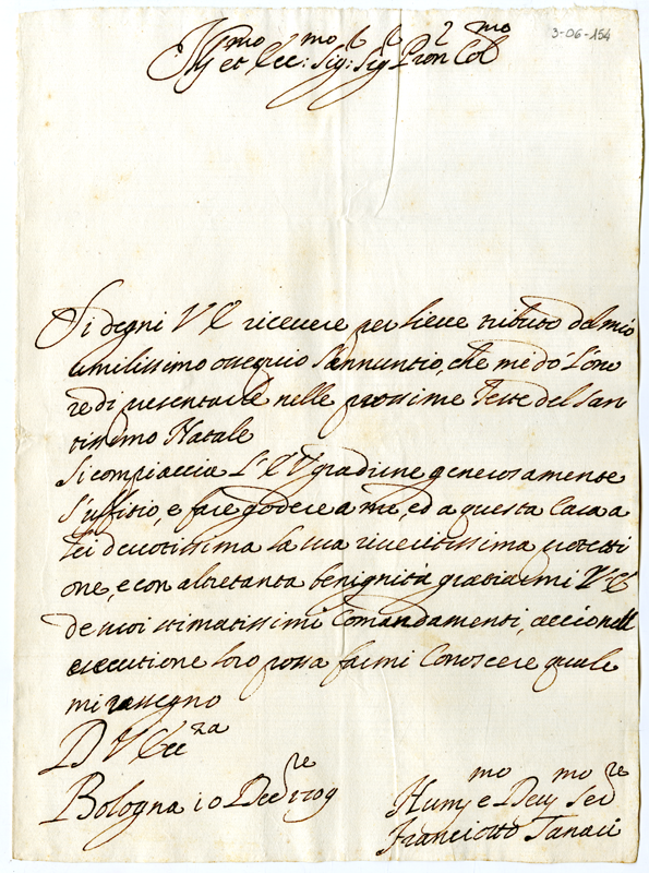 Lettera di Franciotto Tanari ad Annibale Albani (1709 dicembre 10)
● ● ● ●
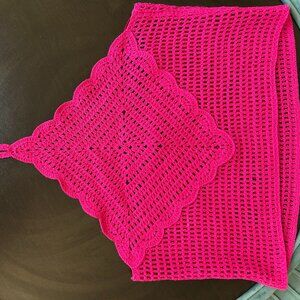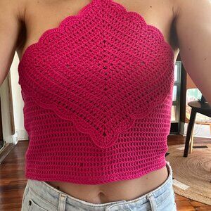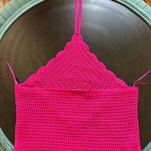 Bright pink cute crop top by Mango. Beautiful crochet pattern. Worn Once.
● ● ● ●
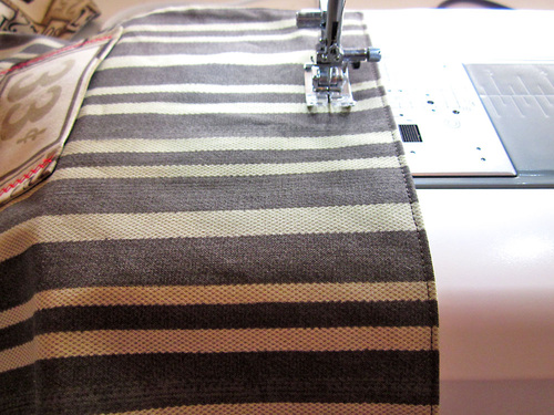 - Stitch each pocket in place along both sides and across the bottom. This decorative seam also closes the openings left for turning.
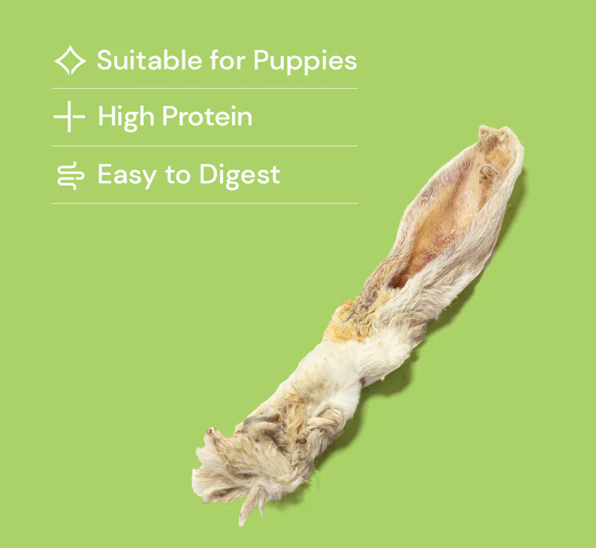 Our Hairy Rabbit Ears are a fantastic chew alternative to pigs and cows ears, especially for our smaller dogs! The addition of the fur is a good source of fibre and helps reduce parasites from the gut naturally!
● ● ● ●
§ Activity: Copy only these lines from the records above, exactly: the one with "- Stitch each", the one with "Our Hairy Rabbit", and those between. Skip the pictures.

§ Answer to the exercise:
 - Stitch each pocket in place along both sides and across the bottom. This decorative seam also closes the openings left for turning.
 Our Hairy Rabbit Ears are a fantastic chew alternative to pigs and cows ears, especially for our smaller dogs! The addition of the fur is a good source of fibre and helps reduce parasites from the gut naturally!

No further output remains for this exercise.